简体   繁体   English

pyspark - 在列之间

[英]pyspark - isin between columns

I am trying to use isin function to check if a value of a pyspark datarame column appears on the same row of another column.我正在尝试使用isin函数来检查 pyspark datarame 列的值是否出现在另一列的同一行上。

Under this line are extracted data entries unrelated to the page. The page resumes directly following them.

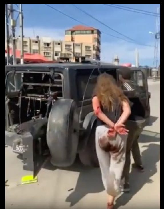 So now the children of the generation who colored in the scimitars, is the generation of young Palestinians that is celebrating the dead, broken, naked body of one of the Israeli women hostages, a body that was dumped in the back of a truck, surrounded by gleeful, armed, cheering men.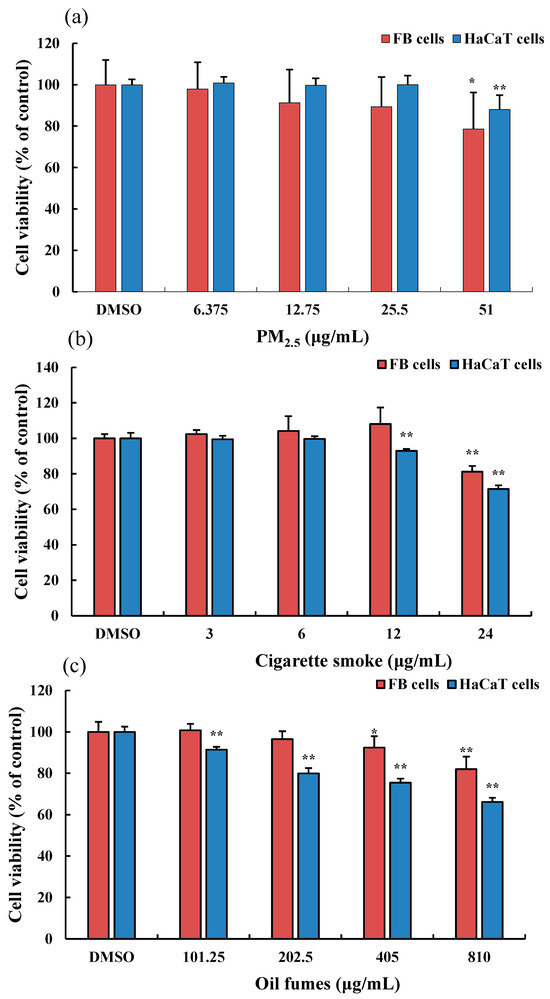 Effect of PM2.5 on the viability of FB and HaCaT cells. (a): the organic extracts of fine particulate matter (PM2.5); (b): the organic extracts of cigarette smoke (CS); and (c): the organic extracts of cooking oil fumes (COFs). Data are shown as the mean ± standard deviation (SD) of six parallel samples. * p < 0.05, ** p < 0.01, compared with the negative control (0.1% DMSO).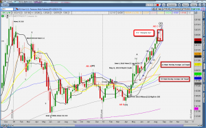 In addition to the wave count on the weekly you will notice the placement of the Shanghai Duo relative to the Mobo bands (the black channel). The past two weeks the final thrust in bonds has  taken the candles above the bands with clear separation. We have obseved this pattern on many time frames and the results we have observed in the past indicate a high probablility that price will eventually meet the 55 SMA. A David Elliott MAP pattern places the first target at the 21 SMA  and then get a bounce to the lower MOBO Band then turn lower to meet up with the 55 SMA.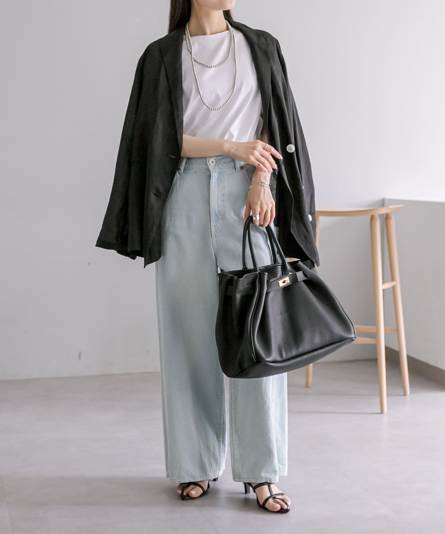 太めのストレートシルエットで大人カジュアルコーデを格上げしてくれます。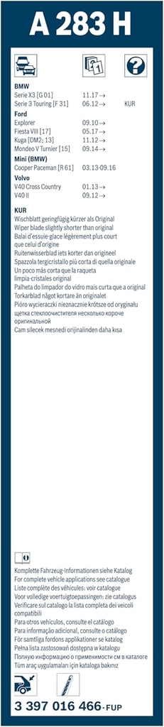 Gạt mưa sau Ford Everest (2022+) chính hãng Bosch (A283H) 11inch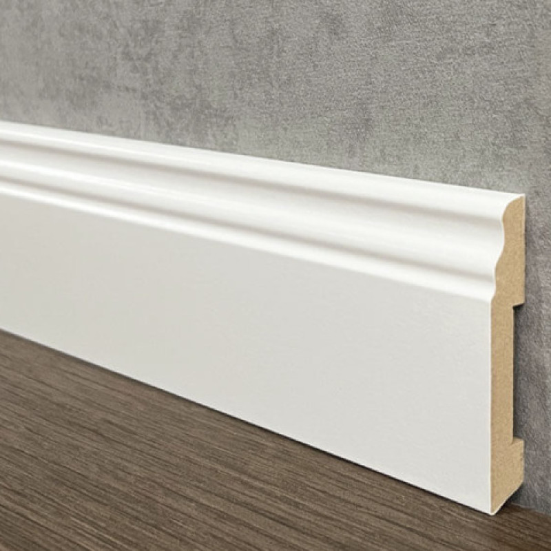Плинтус производителя OHZ не требует окраски и подходит для всех типов напольных покрытий. Устанваливается с помощью клея. Высокая плотность материала 600-750 кг/м3 обеспечивает устойчивость к повреждениям.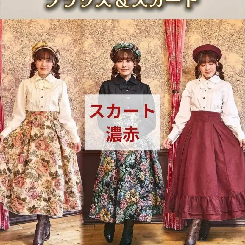 시마무라 클라로리 쿠루미 노엘 드 메모와르 스커트 진한 빨간색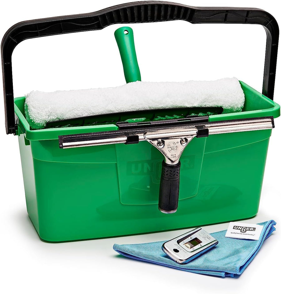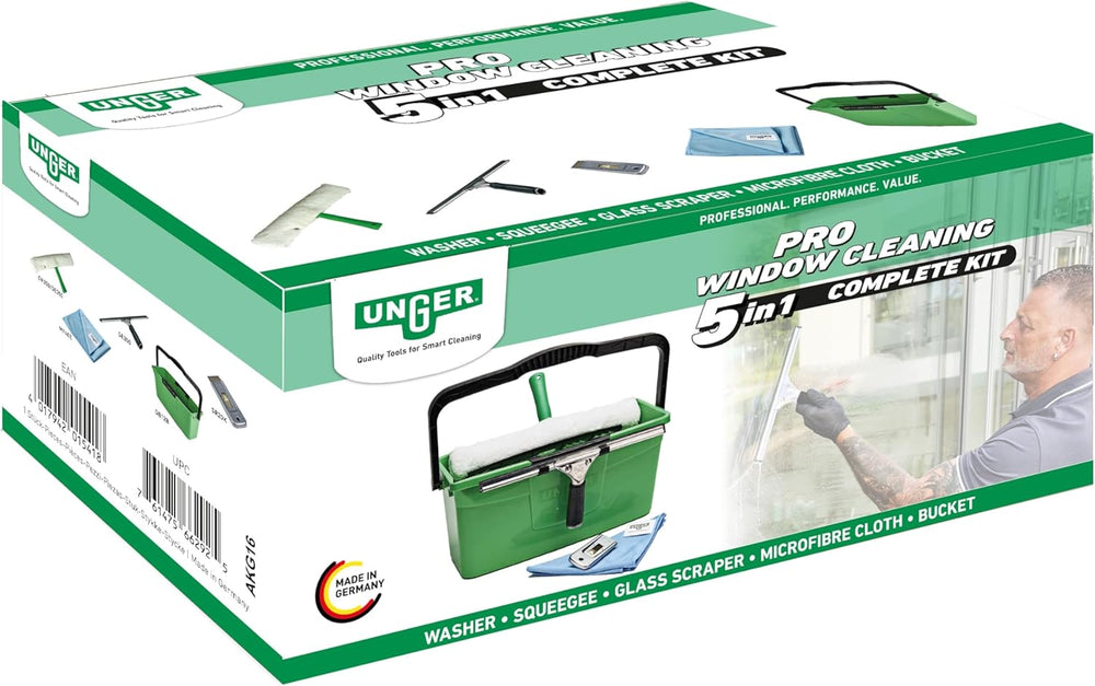 Unger PRO Komplett-Set 5in1 (inkl. Einwascher, Fensterwischer, Mikrofasertuch, Sicherheitsschaber, E

+---+-------------+----+------------+--------+
| ID|         date| loc|   main_list|  GOAL_f|
+---+-------------+----+------------+--------+
|ID1|   2017-07-01|  L1|        [L1]|       1|
|ID1|   2017-07-02|  L1|        [L1]|       1|
|ID1|   2017-07-03|  L2|        [L1]|       0|
|ID1|   2017-07-04|  L2|     [L1,L2]|       1|
|ID1|   2017-07-05|  L1|     [L1,L2]|       1|
|ID1|   2017-07-06|  L3|     [L1,L2]|       0|
|ID1|   2017-07-07|  L3|  [L1,L2,L3]|       1|
+---+-------------+----+------------+--------+

But I am getting errors when trying to collect the main_list for comparison.但是在尝试收集 main_list 进行比较时出现错误。 Here is what I tried unsuccessfully:这是我尝试失败的方法:

df.withColumn('GOAL_f', F.col('loc').isin(F.col('main_list').collect())

Consolidated code:合并代码:

w = Window.partitionBy('id').orderBy('date').rowsBetween(Window.unboundedPreceeding,-1)
df.withColumn('main_list', F.collect_set('loc').over(w))
  .withColumn('GOAL_f', F.col('loc').isin(F.col('main_list').collect())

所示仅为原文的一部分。